Research Software Engineering - A new academic career pathway


“Researchers, funders and universities now recognise that UK research depends on software. 92% of researchers depend on software to conduct and analyse their research. 56% of researchers develop their own research software. However, 71% of researchers have no formal training in software development. This has lead to a crisis of reproducibility in many fields, as it is challenging (if not impossible) for many pieces of research or analysis software to run on anything other than the laptops of the original researcher. The career of Research Software Engineering has been created to help address this problem. Research Software Engineers have experience and training in both software engineering and domain research. They help ensure that software is written to be portable and reproducible, enabling software to be sustained between projects and shared with the wider academic and industrial community. In this talk I will discuss what Research Software Engineers do, the growth of RSE groups in universities across the country, and provide some examples of why it is so important to change research culture so that researchers learn and adopt core software engineering best practice (e.g. version control and testing).” -Dr. Christopher Woods


Lecturer: Dr. Christopher Woods

Date: 18/12/18

Time: 1-2pm

Room: Queens 1.18


Summary

The lecturer briefly (in the 1 hour that we had the room for) described and explained to us the current landscape of the research world.

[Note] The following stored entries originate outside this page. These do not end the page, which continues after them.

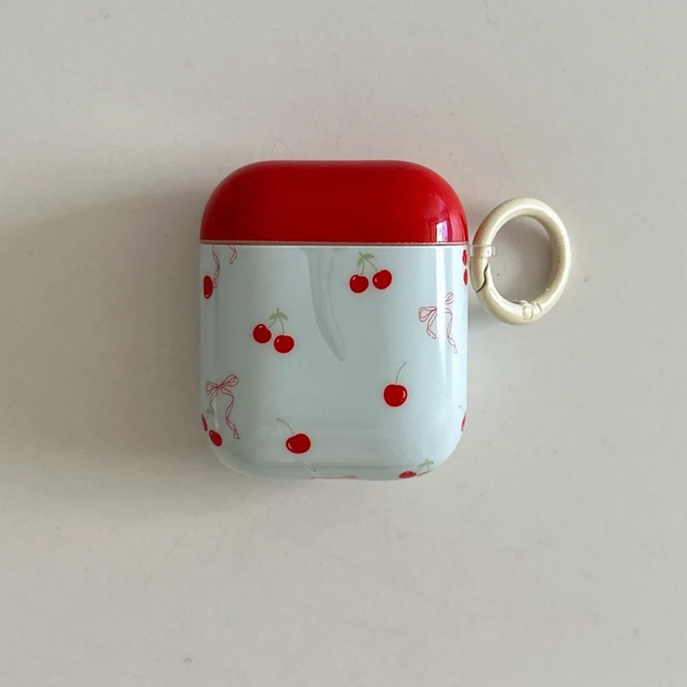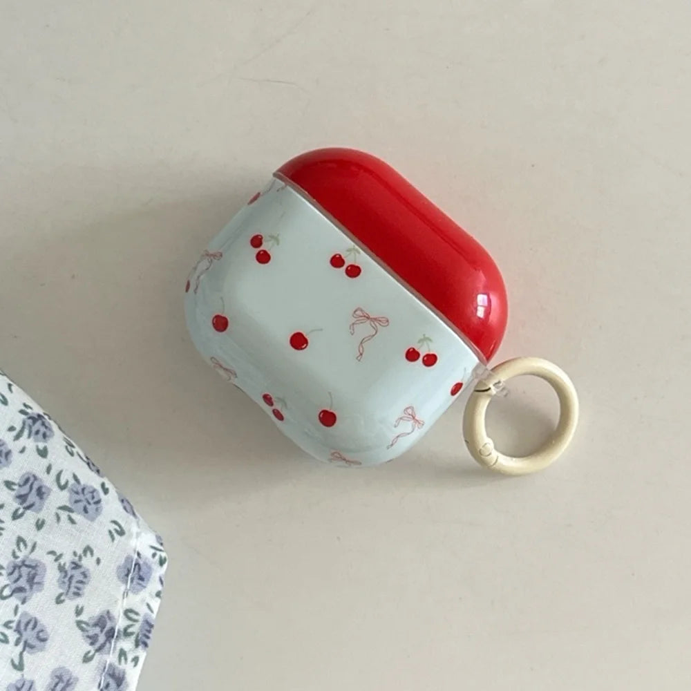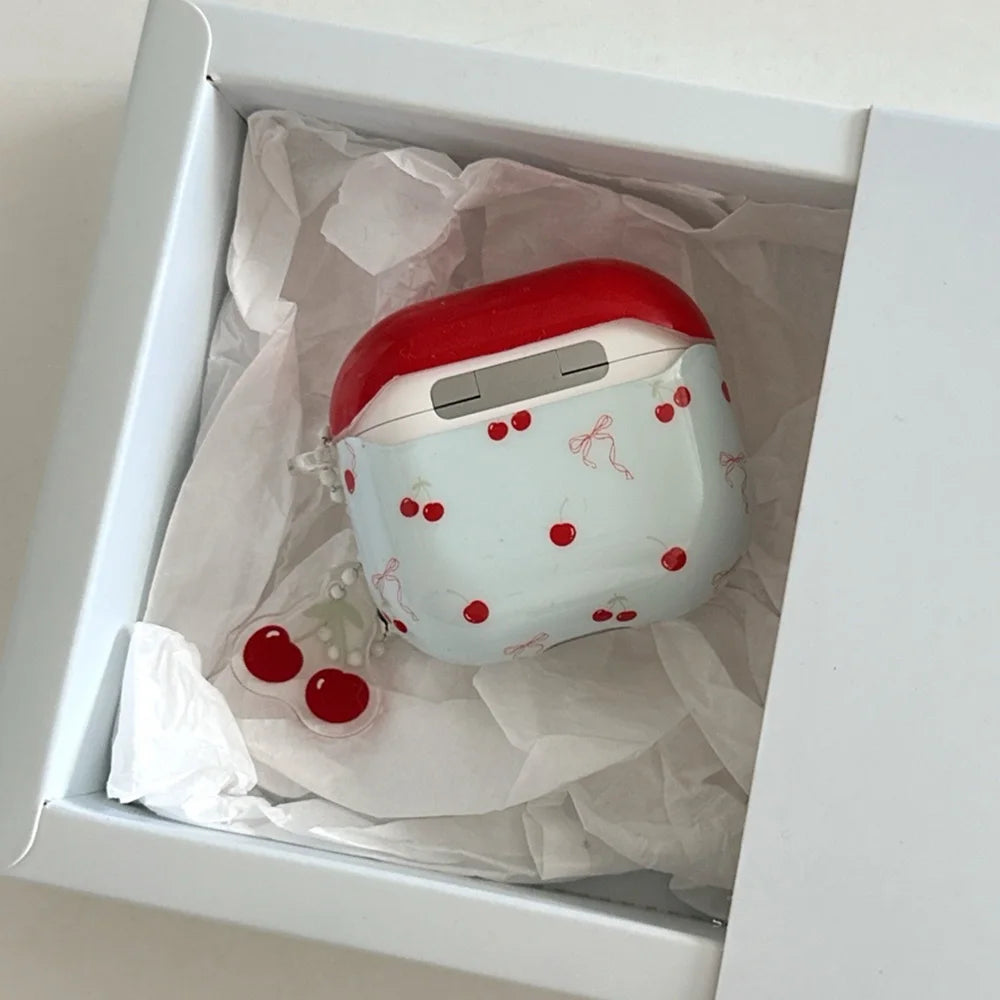 Lovely Red Cherry Bowknot Gloss Pattern Wireless Bluetooth Earphone Case For AirPods Pro 2 4 3 2 1 Soft Shell Funda With Pendant
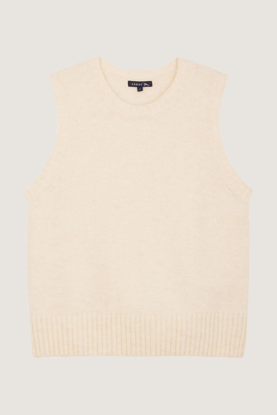 NAMASTE est un pull sans manches en alpaga et laine, souple et confortable, au toucher duveteux. À porter seul ou en superposition. Pratique, il se glisse sous une veste ou un manteau pour réchauffer sans contraindre le mouvement des bras.
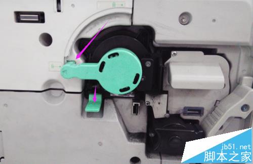 将碳粉设备的绿色前盖旋转到开锁状态,然后按下绿色杠杆,向外就可以拔出碳粉盒了,这时就可以轻松的添加或更换碳粉了。
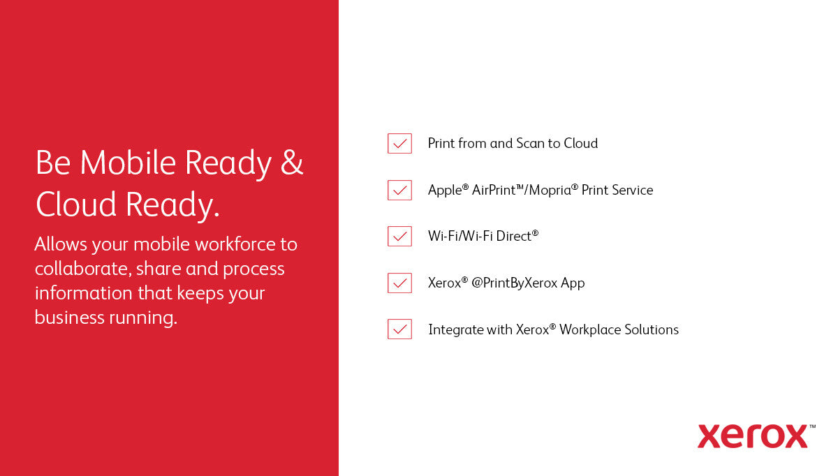 - Transform today’s digital workplace. Digitizing documents is quick and easy with the high-performance, single-pass scanner. Share files with ease with the Xerox App Gallery for direct access to Google Drive™, Microsoft® OneDrive® and DropBox™
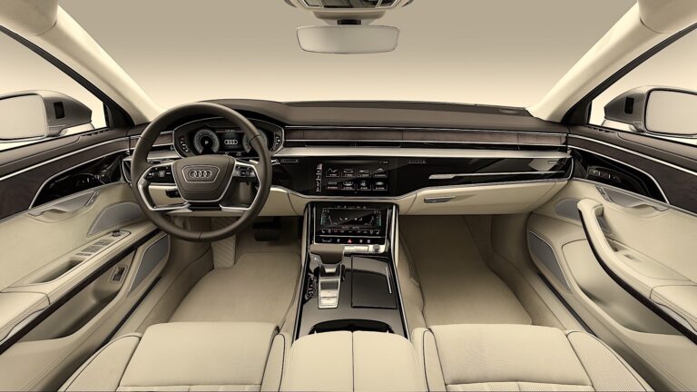 Wnętrze luksusowej limuzyny celowo przyjmuje minimalistyczny design; architektura wnętrza jest jasna i ma wyraźnie poziomą orientację. Audi przenosi swoje wysokie standardy jakości do ery cyfrowej z radykalnie nowym konceptem obsługi. Rezygnuje z znanego pokrętła i touchpada z poprzedniego modelu. Panel wskaźników jest w dużej mierze wolny od przycisków i przełączników. W jego centrum znajduje się wyświetlacz dotykowy o przekątnej 10,1 cala, który, gdy jest wyłączony, prawie niewidocznie wtapia się w połyskujący czarny otok dzięki efektowi czarnej płyty.
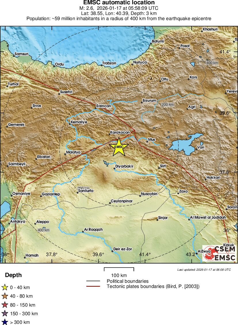 | 2.6 | 2.7 | 3206 | 05:58 | Länk | Mindre jordbävning- EASTERN TURKEY - I dag |
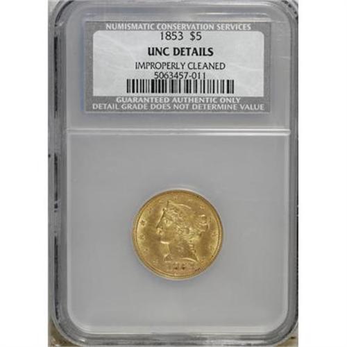 <B>1853 $5 --Improperly Cleaned--NCS. Unc Details.</B></I> NGC Census: (7/70). PCGS Population (3/63). Mintage: 305,770. Numismedia Wsl. Price for NGC/PCGS coin in MS60: $1,400. (#8253)<BR><BR><B>Coin Engraver:</B> Christian Gobrecht<BR><BR><b>Shipping:</b> Coins & Currency (<a target="_blank" href="http://www.heritageauctions.com/common/shipping.php">view shipping information</a>)
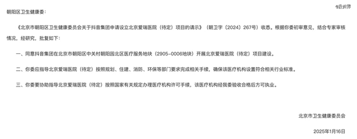 投资界获悉,日前北京市卫生健康委员会官网发布《关于同意抖音集团设立北京爱瑞医院(待定)项目的批复》的通知,并予以相关指导要求。

In his analysis he pointed out a huge shortcoming in the way in which research has been conducted, the main one being non-reproducible results from programmes developed by researchers. For those interested in Research Software Engineering, this was a good overview of what this new career pathway entails, and for others, it showed a fully recognised support academic for researchers who are unfamiliar with programming.

The event was a successful one. Approx 20-30 students attended and there was good interaction with the lecturer before and after the event. Even though we didn’t have the budget for food/drinks after the event (which would have increased the turnout), it was excellent that there were many students interested in Research Software Engineering and the implications this new career has in research.